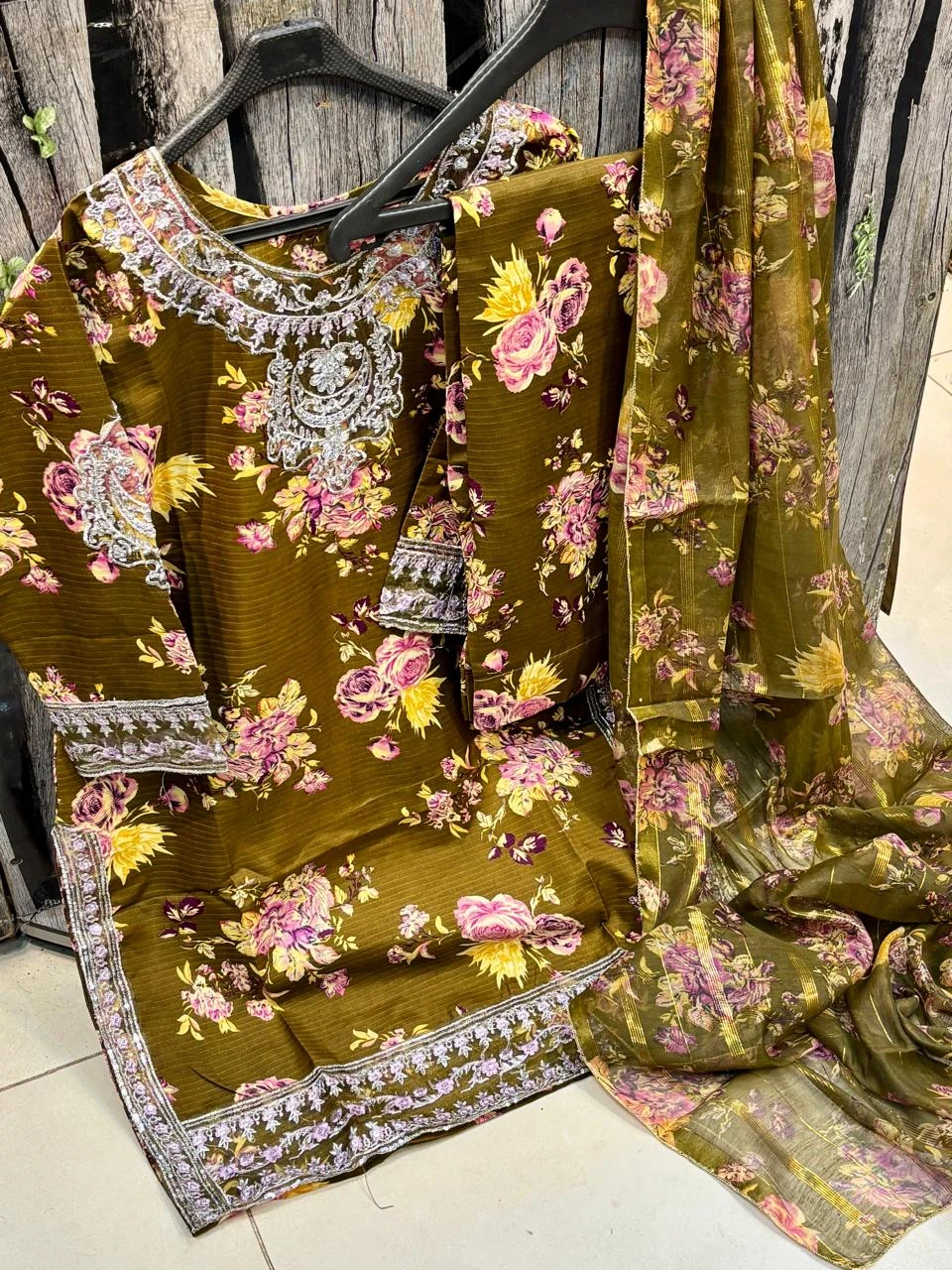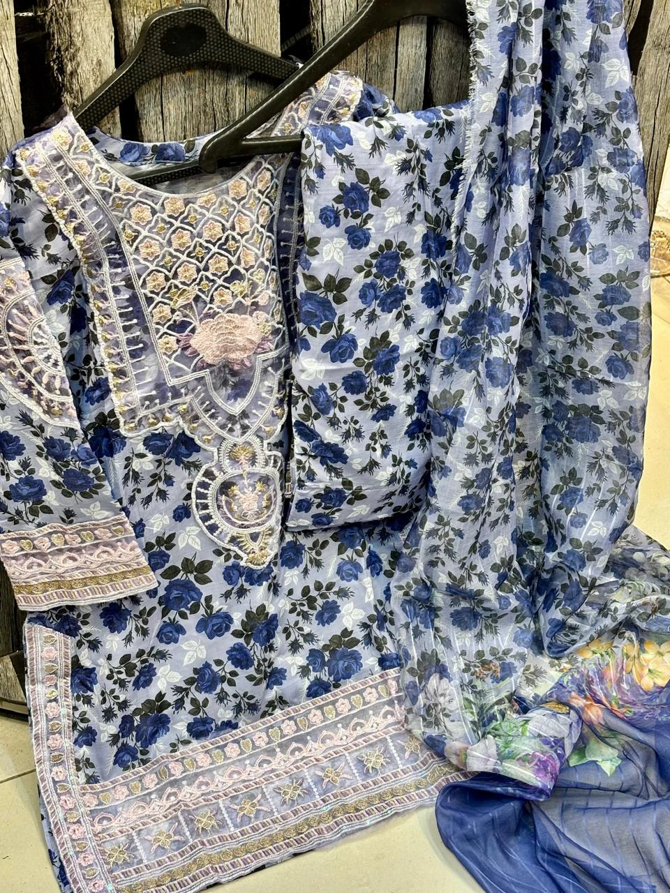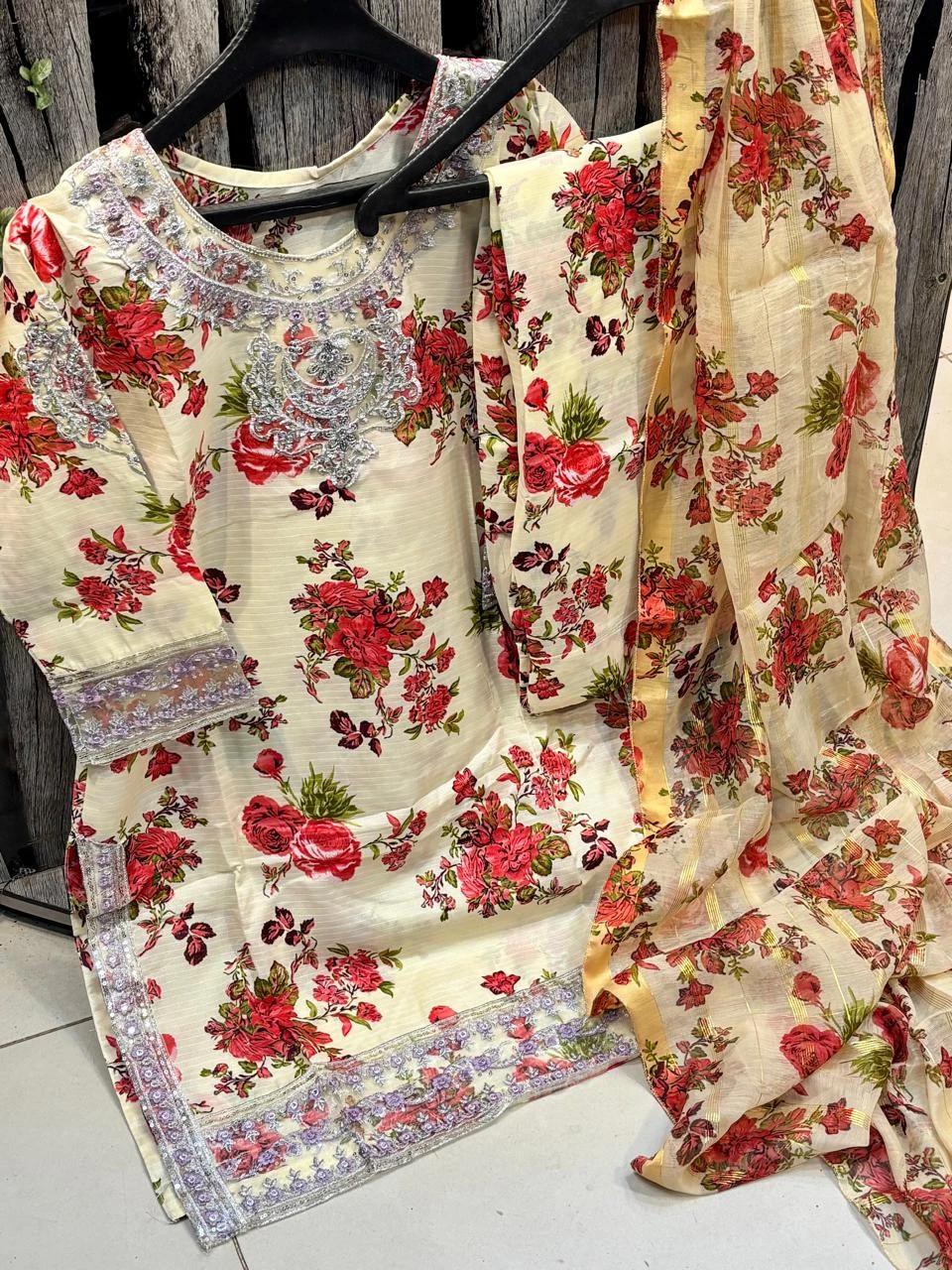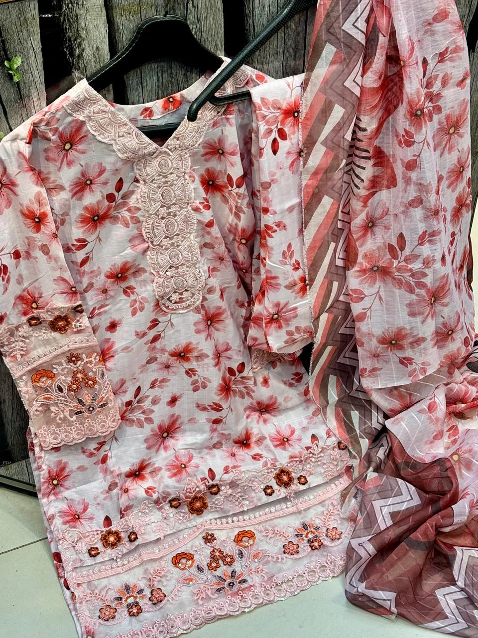 Doria Lawn Digital Printed Full Heavy Embroidered Shirt With Doria Lawn Digital Printed Farshi Shalwar & Munar Diamond Digital Printed Dupatta 3pc Dress 👗
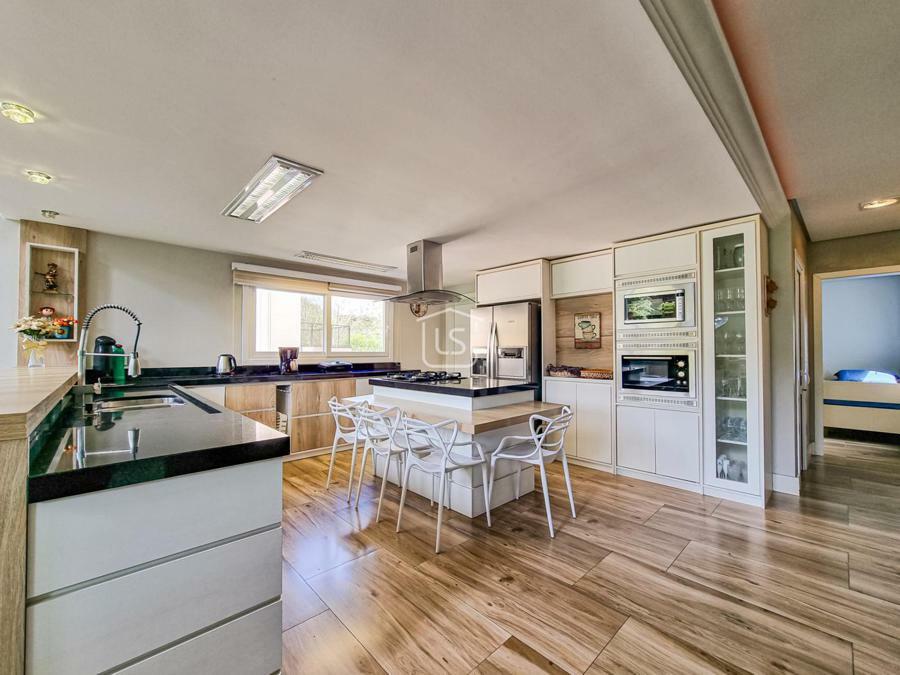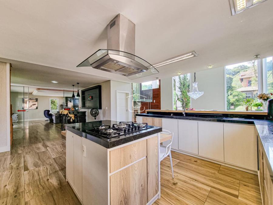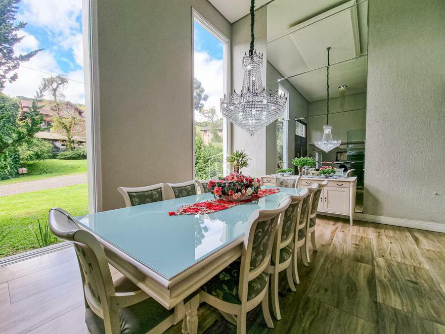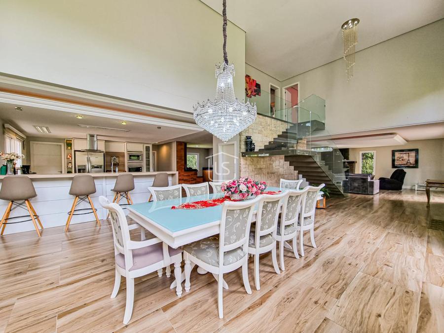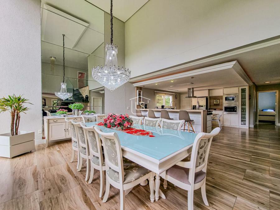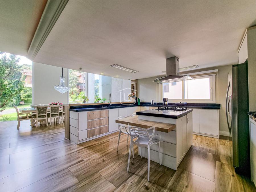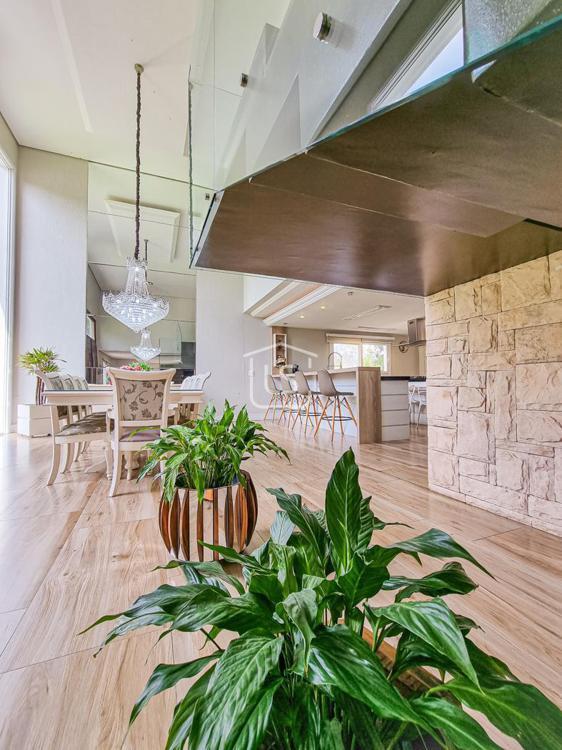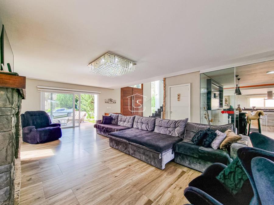 Sala de estar com lareira, sala de jantar, cozinha americana, espaço gourmet com churrasqueira e fogão campeiro. Lavabo e lavanderia separada.
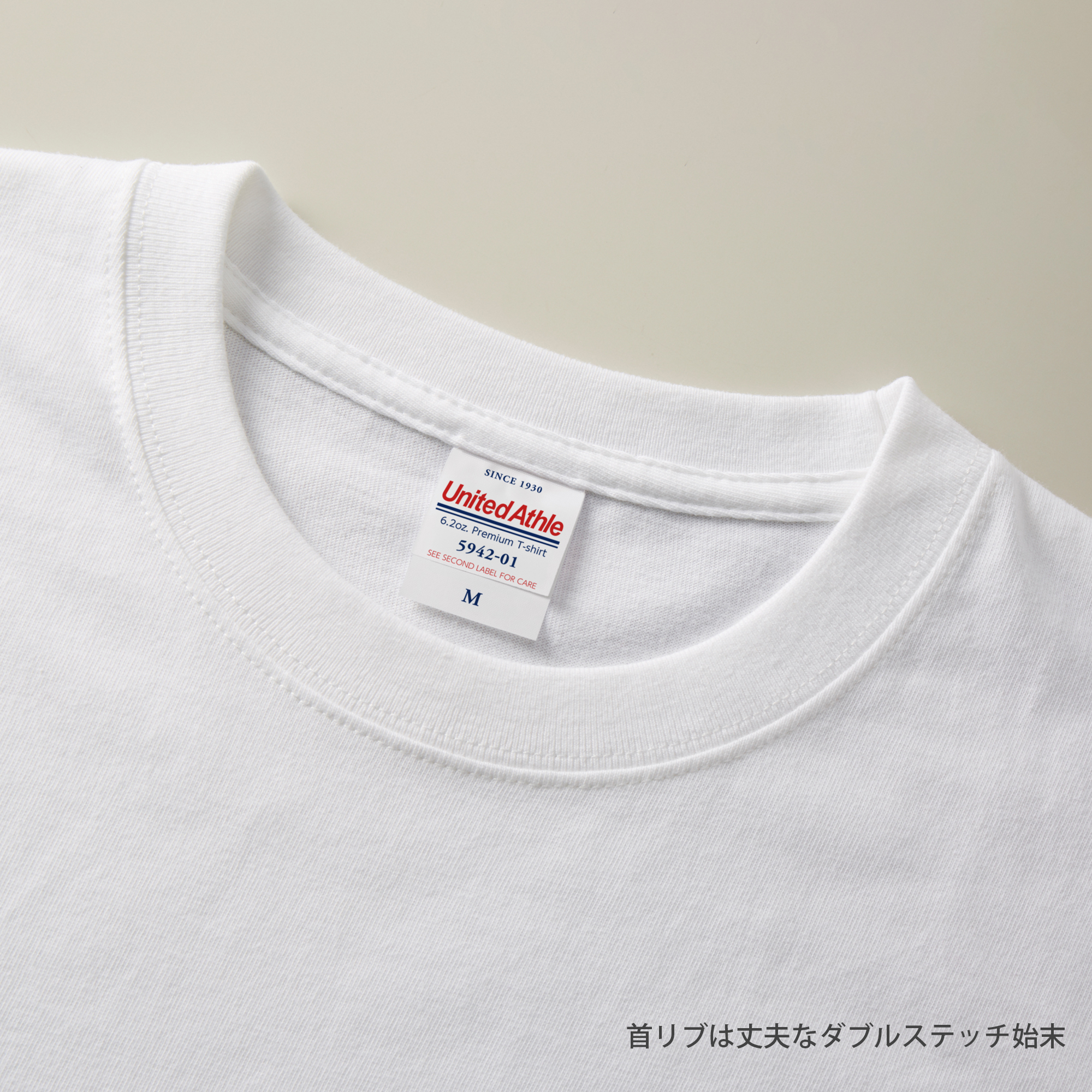【United Athle】の6.2オンスプレミアムTシャツは、「肌触り」「首回り」「防縮性」に優れた究極のロングセラー無地Tシャツです。コーマ糸使用で滑らかな風合いを実現し、防縮加工により長期間の使用でも型崩れが少ないです。

### [The task]
Produce a word-for-word version of the material, with no pictures included.

### [Task answer]
 Doria Lawn Digital Printed Full Heavy Embroidered Shirt With Doria Lawn Digital Printed Farshi Shalwar & Munar Diamond Digital Printed Dupatta 3pc Dress 👗
 Sala de estar com lareira, sala de jantar, cozinha americana, espaço gourmet com churrasqueira e fogão campeiro. Lavabo e lavanderia separada.
【United Athle】の6.2オンスプレミアムTシャツは、「肌触り」「首回り」「防縮性」に優れた究極のロングセラー無地Tシャツです。コーマ糸使用で滑らかな風合いを実現し、防縮加工により長期間の使用でも型崩れが少ないです。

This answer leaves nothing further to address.